─── Data provided

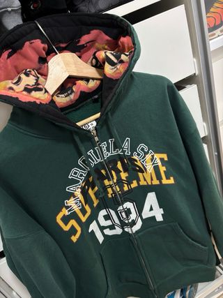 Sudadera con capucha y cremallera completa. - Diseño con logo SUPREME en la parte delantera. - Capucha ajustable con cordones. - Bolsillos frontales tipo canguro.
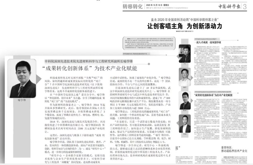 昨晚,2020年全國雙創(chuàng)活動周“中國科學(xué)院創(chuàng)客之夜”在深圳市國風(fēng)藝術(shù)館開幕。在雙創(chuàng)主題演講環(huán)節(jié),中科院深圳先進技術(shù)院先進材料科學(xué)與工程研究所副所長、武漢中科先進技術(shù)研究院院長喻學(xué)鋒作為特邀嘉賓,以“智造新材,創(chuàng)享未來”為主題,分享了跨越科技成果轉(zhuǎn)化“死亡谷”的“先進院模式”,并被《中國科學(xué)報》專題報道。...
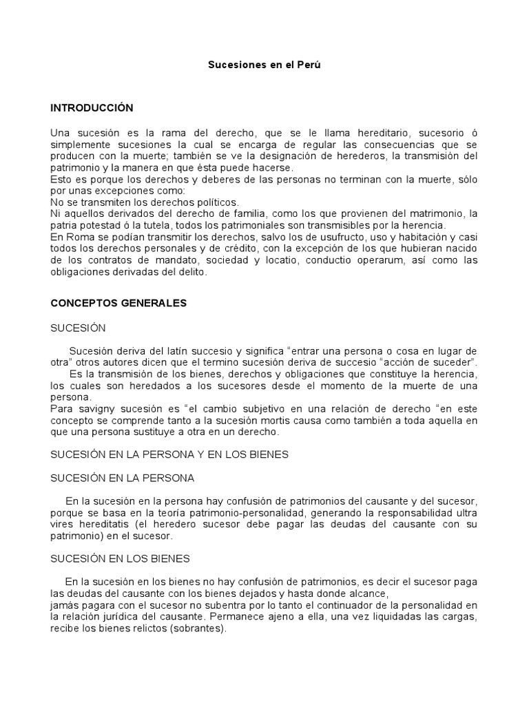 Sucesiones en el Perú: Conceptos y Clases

──────

- Task to carry out -
None of the pictures belong in the copy. Write out exactly the lines from the line that holds "昨晚,2020年全國雙創(c" through the last line of the listing above, both ends included.

- Written answer -
 昨晚,2020年全國雙創(chuàng)活動周“中國科學(xué)院創(chuàng)客之夜”在深圳市國風(fēng)藝術(shù)館開幕。在雙創(chuàng)主題演講環(huán)節(jié),中科院深圳先進技術(shù)院先進材料科學(xué)與工程研究所副所長、武漢中科先進技術(shù)研究院院長喻學(xué)鋒作為特邀嘉賓,以“智造新材,創(chuàng)享未來”為主題,分享了跨越科技成果轉(zhuǎn)化“死亡谷”的“先進院模式”,并被《中國科學(xué)報》專題報道。...
 Sucesiones en el Perú: Conceptos y Clases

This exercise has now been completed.